» **ACTION ITEM**: From the line with "Diese Guess Uhr" to the line with "the project sits", retype each line exactly as it stands in the records below, but skip the pictures.

⟨

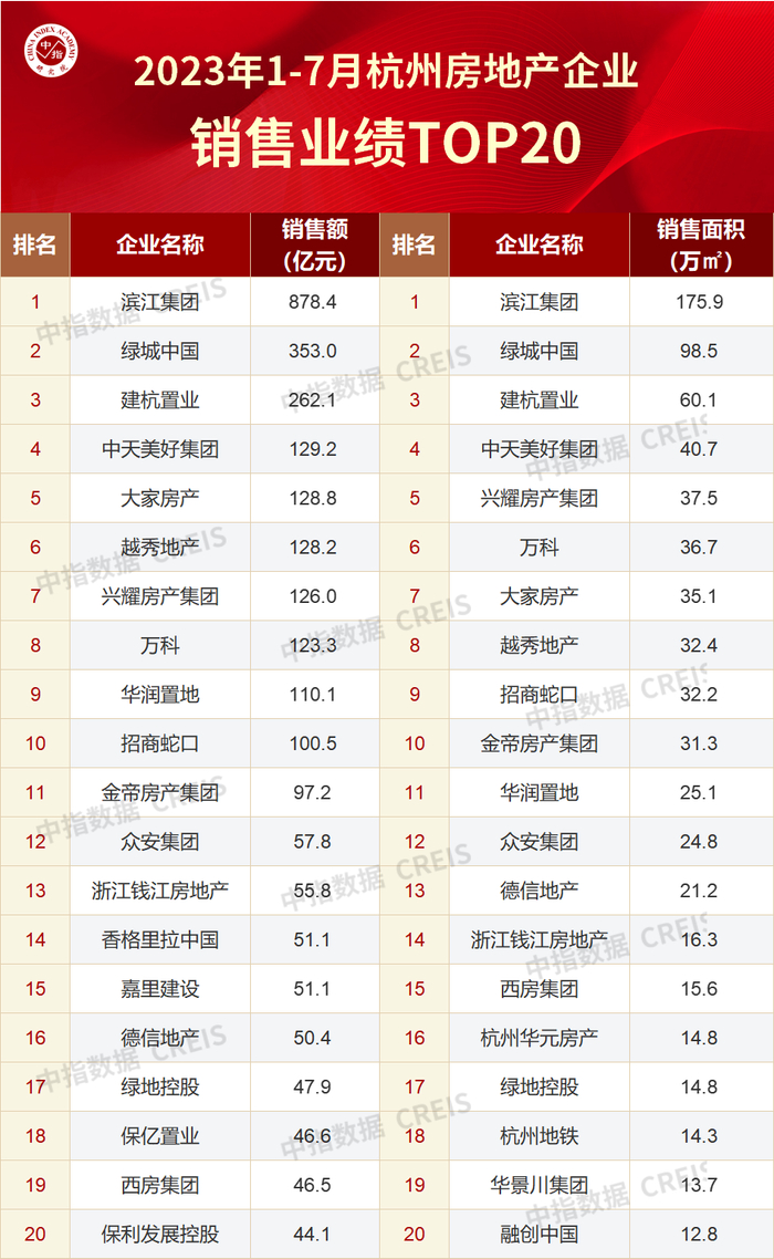 特别声明:杭州房地产企业销售数据统计是以2023年1月1日-7月31日期间销售的全口径商品房为统计口径,主要依据中指数据CREIS(点击查看)在杭州的销售监测数据,并参考当期总体经营情况和推盘去化情况进行分析统计;对于少数没有在监测范围内的项目,由企业提供相关证明文件,经课题组对数据进行严格审核,也纳入统计范围。本报告仅供参考,课题组不对使用报告及其内容所引发的任何直接或间接损失承担责任。
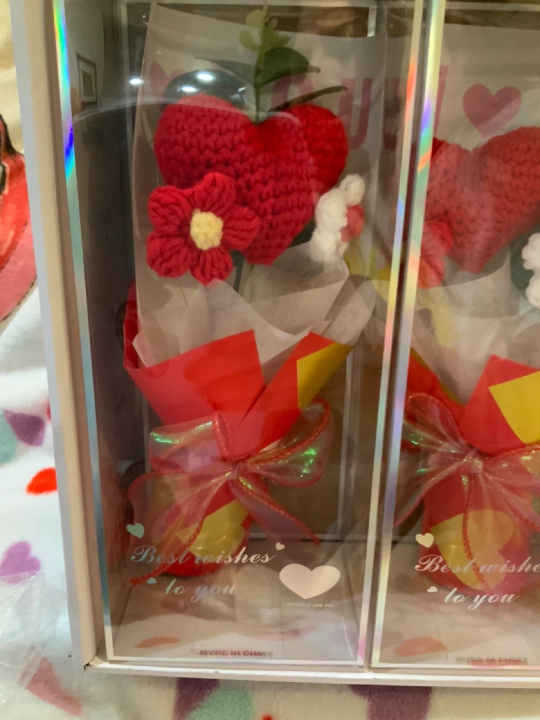 This is a cute crocheted flower bouquet presented in a clear gift box. It features red and white crocheted flowers with green leaves and some dried filler. The bouquet is tied with a red ribbon and bow. It's ready for gifting! $10 each
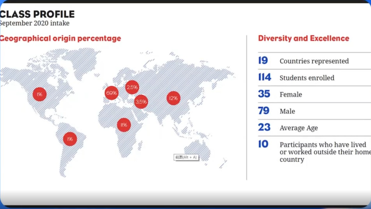 格勒高商是一个非常国际化的学校,在2020的intake中有114名学生,来自19个不同的国家和地区,平均工作年龄是23岁。
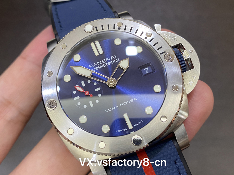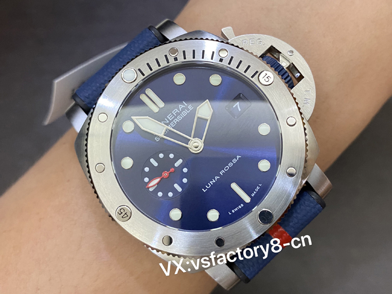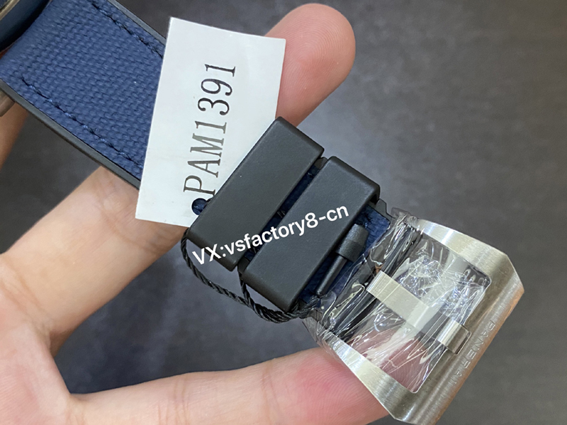 VS廠沛納海1391的字面采取藍(lán)色面,同正品沛納海1391做了太陽放射紋處理,會(huì)隨光照角度變化。
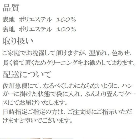 佐川急便にて、なるべくしわにならないように、ハンガーに掛けた状態で袋に入れ、ふんわり畳んでケースにてお届けいたします。
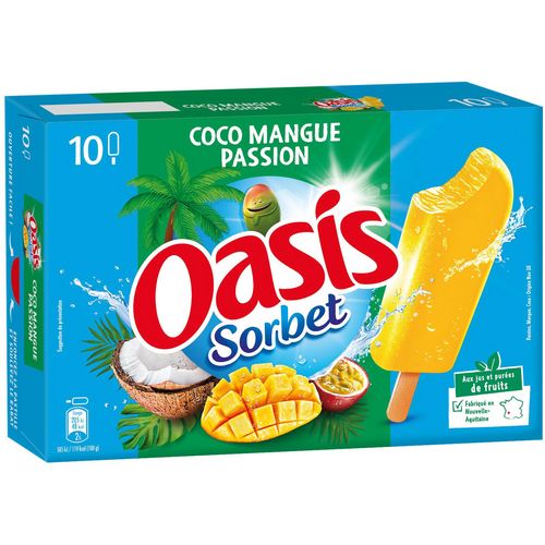 Profitez d'une expérience rafraîchissante et fruitée avec les bâtonnets Oasis Sorbet: un délicieux sorbet Coco Mangue Passion au bon goût de fruits pour une dégustation 100% plaisir, 100% fraicheur.
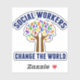 Social Workers Change the World (Travailleurs sociaux Changez le monde), autocollant de citation inspirante. Une mignonne citation de travail social motivationnel écrite autour d'un bel arbre de feuilles arc-en-ciel.
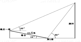 福州青運會開幕式上舉行升旗儀式,在坡度15°的看臺上,同一列上的第一排和最后一排測得旗桿頂部的仰角分別為60°和30°,第一排和最后一排的距離為
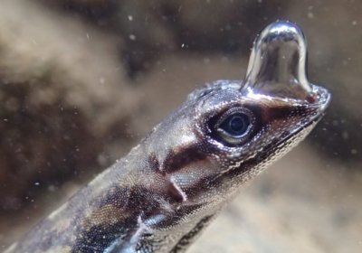 O lagarto cria uma bolha de ar gigante em volta do seu nariz, que possibilita a ele "respirar" mesmo estando submerso. "Não sabemos muito a respeito desse fenômeno ainda, o que o torna bem interessante. É possível que algumas bolsas de ar fiquem presas entre a cabeça e a garganta do lagarto, fazendo com que a entrada e a saída do ar permitam uma 'troca' de ar fresco entre essas bolsas", explicou Swierk.
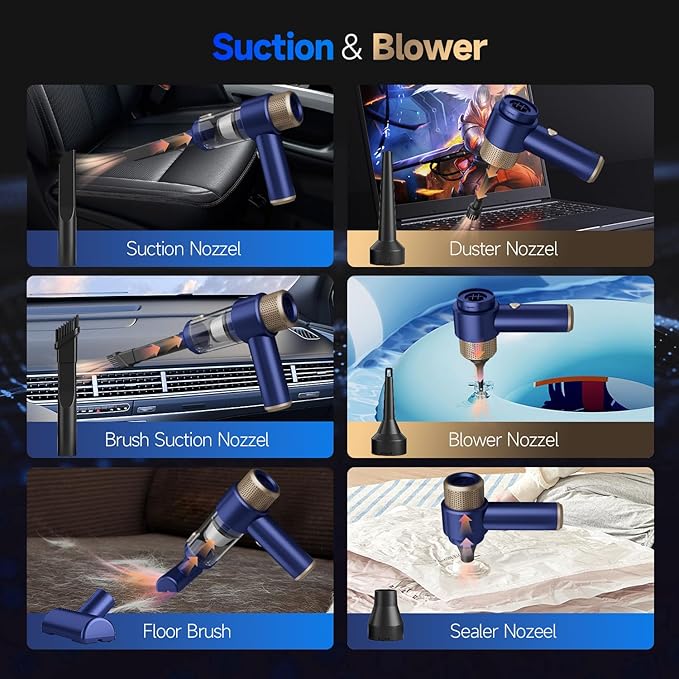 - 【7-in-1 Multifunctional Cordless Car Vacuum Cleaner】: The handheld vacuum cordless with 7 accessories supports multiple modes, such as vacuuming, blower, inflation, pump. Hand vacuum can meet different need for daily cleaning tasks and even clean hard-to-reach corners, such as blowing or vacuuming dust or debris from seats, keyboards, computer host, camera lenses and cabinet corners, or inflating or expeling air from swimming rings and mattresses, or Blow air for BBQ fire, etc
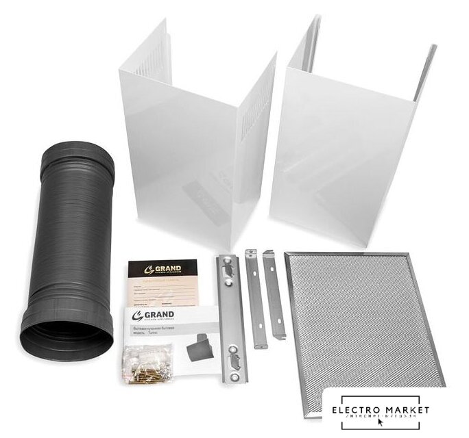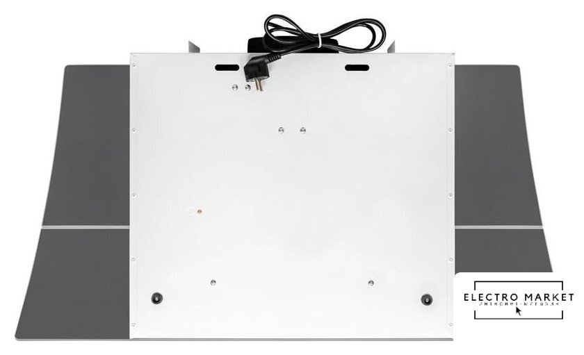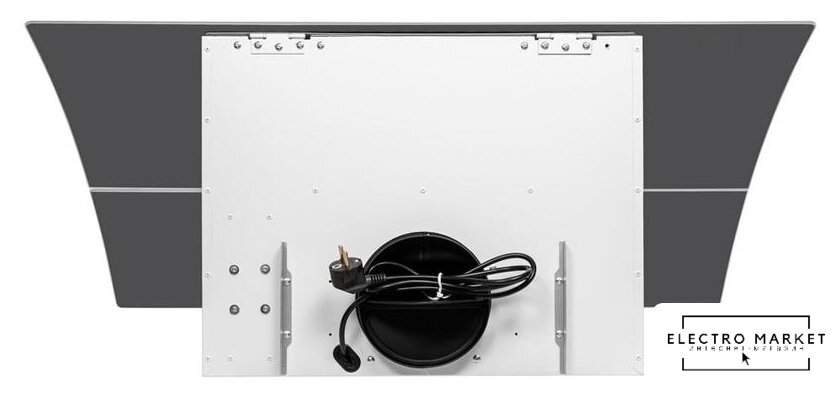 конструкция наклонная, монтаж настенный, ширина 60 см, управление электронное/поворотный переключатель, производительность вытяжки 450 м³/ч, цвет серый
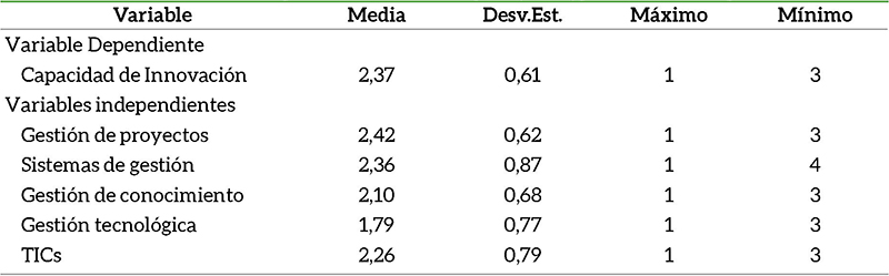 Otras variables: Incluimos cinco variables organizacionales para contrastar su efecto en la capacidad de innovación, a saber, gestión del conocimiento, las TICs, gestión tecnológica, sistemas de gestión y gestión de proyectos de innovación. Cada una de estas variables son medidas con una escala Likert.
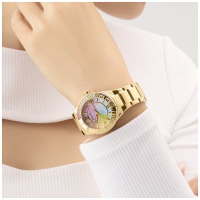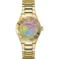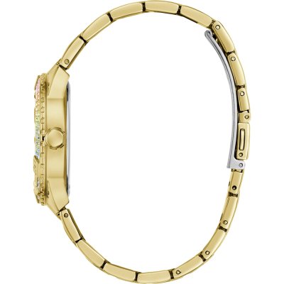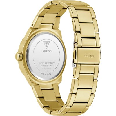 Diese Guess Uhr hat ein Edelstahl Gehäuse mit einem Durchmesser von 36 mm und ist mit einem Armband aus Edelstahl versehen.
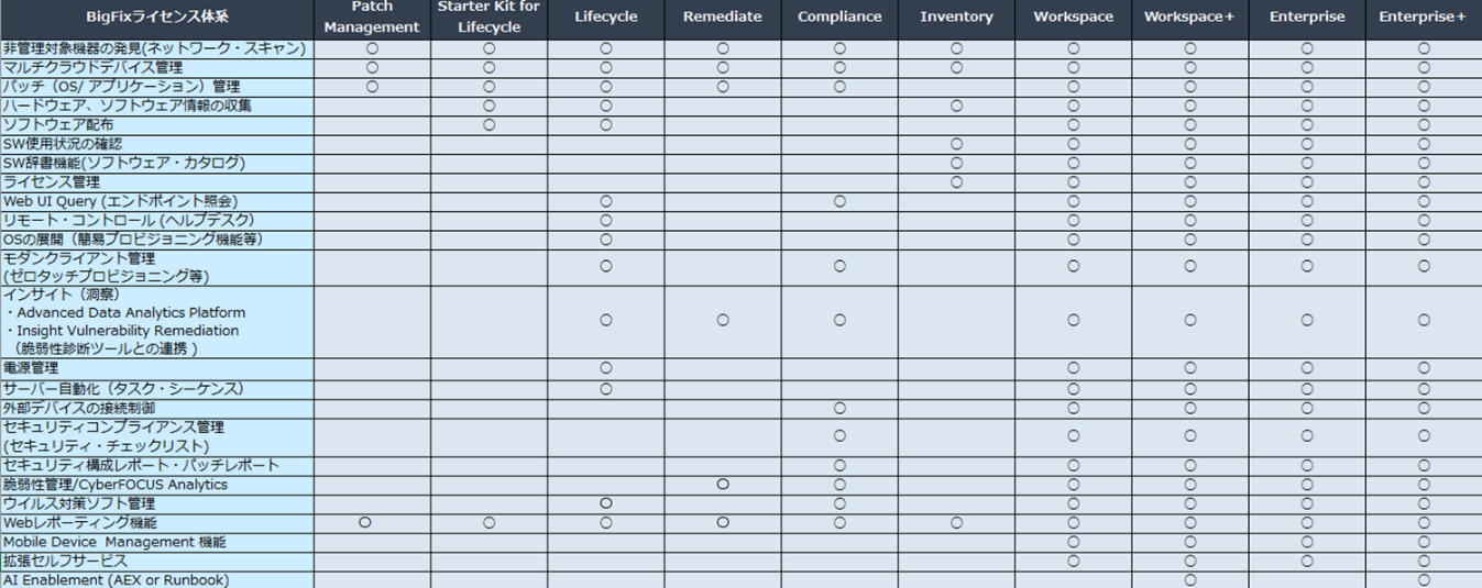 • HCL BigFix は、これらすべての機能を単一プラットフォームで実現するため、複数ツールの導入が不要
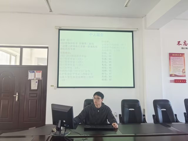 为助力学生提升学习能力与方法,营造互助学习氛围,2025 年 4 月 16 日,基础医学院在南区350会议室开展了 2025年“逐梦‘研’途,共赴未来”—— 考研经验分享系列创新创业大讲堂。本次活动由学生工作办公室刘宏伟、孙石磊老师全程参与指导,邀请临床医学专业2020级考研上岸优秀学生代表胡天晓、唐彬两名同学作为主讲人。
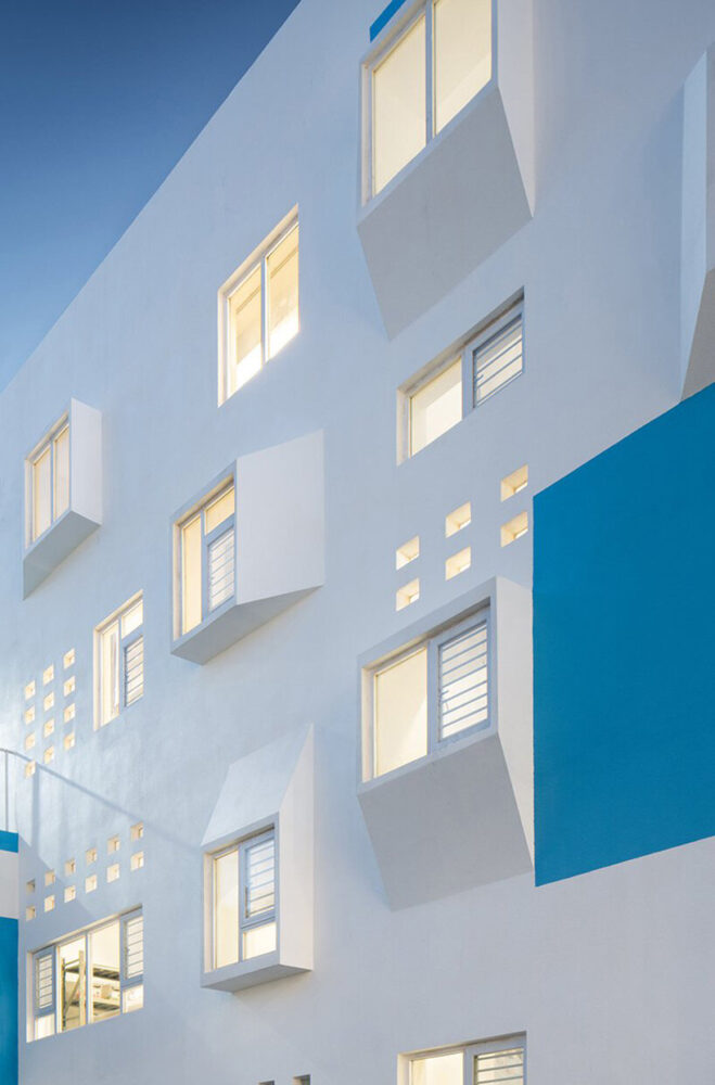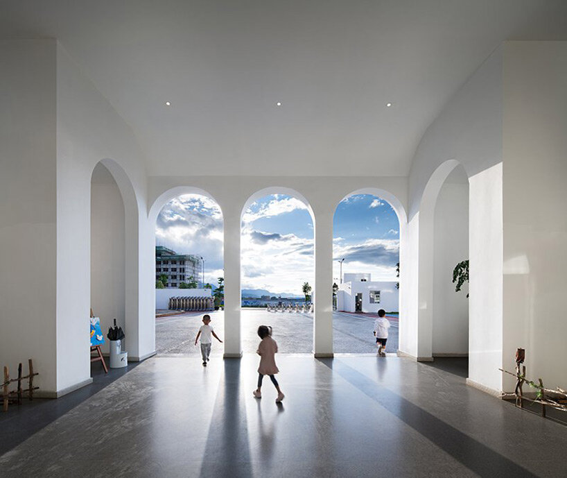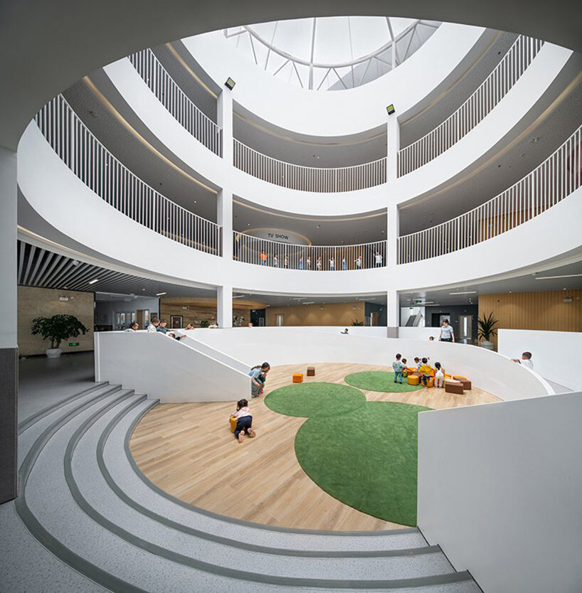 the project sits like a ring placed over the terrain, with its funnel-like roof forming a shaded perimeter walkway and an introverted core.
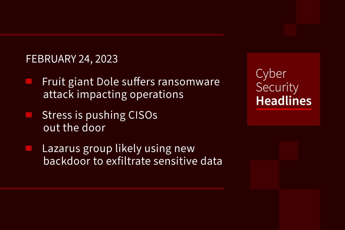 Cybersecurity News: Dole ransomware attack, stress devours CISOs, new Lazarus backdoor
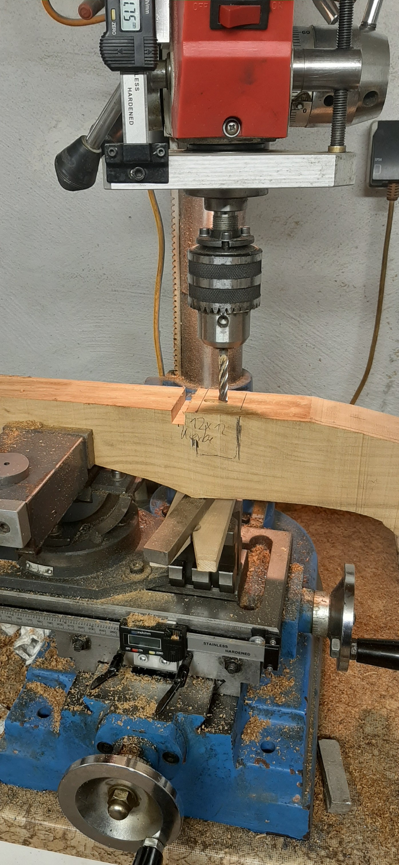 Heute ganz früh angefangen. War eine wahnsinns Arbeit bis das Stechschloss eingearbeitet war. Dann noch Anpassungsarbeiten bis es auch die Klappe auslöst. Beim Bogenfenster ausarbeiten ist etwas Holz abgeplatzt. Aber ist ja noch genug Material bzw. Aufmass vorhanden. An die Fertigstellung der Säule geht es erst wenn das "Klotz" Schiesst.

⟩

» **WRITTEN ANSWER**:
 Diese Guess Uhr hat ein Edelstahl Gehäuse mit einem Durchmesser von 36 mm und ist mit einem Armband aus Edelstahl versehen.
 • HCL BigFix は、これらすべての機能を単一プラットフォームで実現するため、複数ツールの導入が不要
 为助力学生提升学习能力与方法,营造互助学习氛围,2025 年 4 月 16 日,基础医学院在南区350会议室开展了 2025年“逐梦‘研’途,共赴未来”—— 考研经验分享系列创新创业大讲堂。本次活动由学生工作办公室刘宏伟、孙石磊老师全程参与指导,邀请临床医学专业2020级考研上岸优秀学生代表胡天晓、唐彬两名同学作为主讲人。
 the project sits like a ring placed over the terrain, with its funnel-like roof forming a shaded perimeter walkway and an introverted core.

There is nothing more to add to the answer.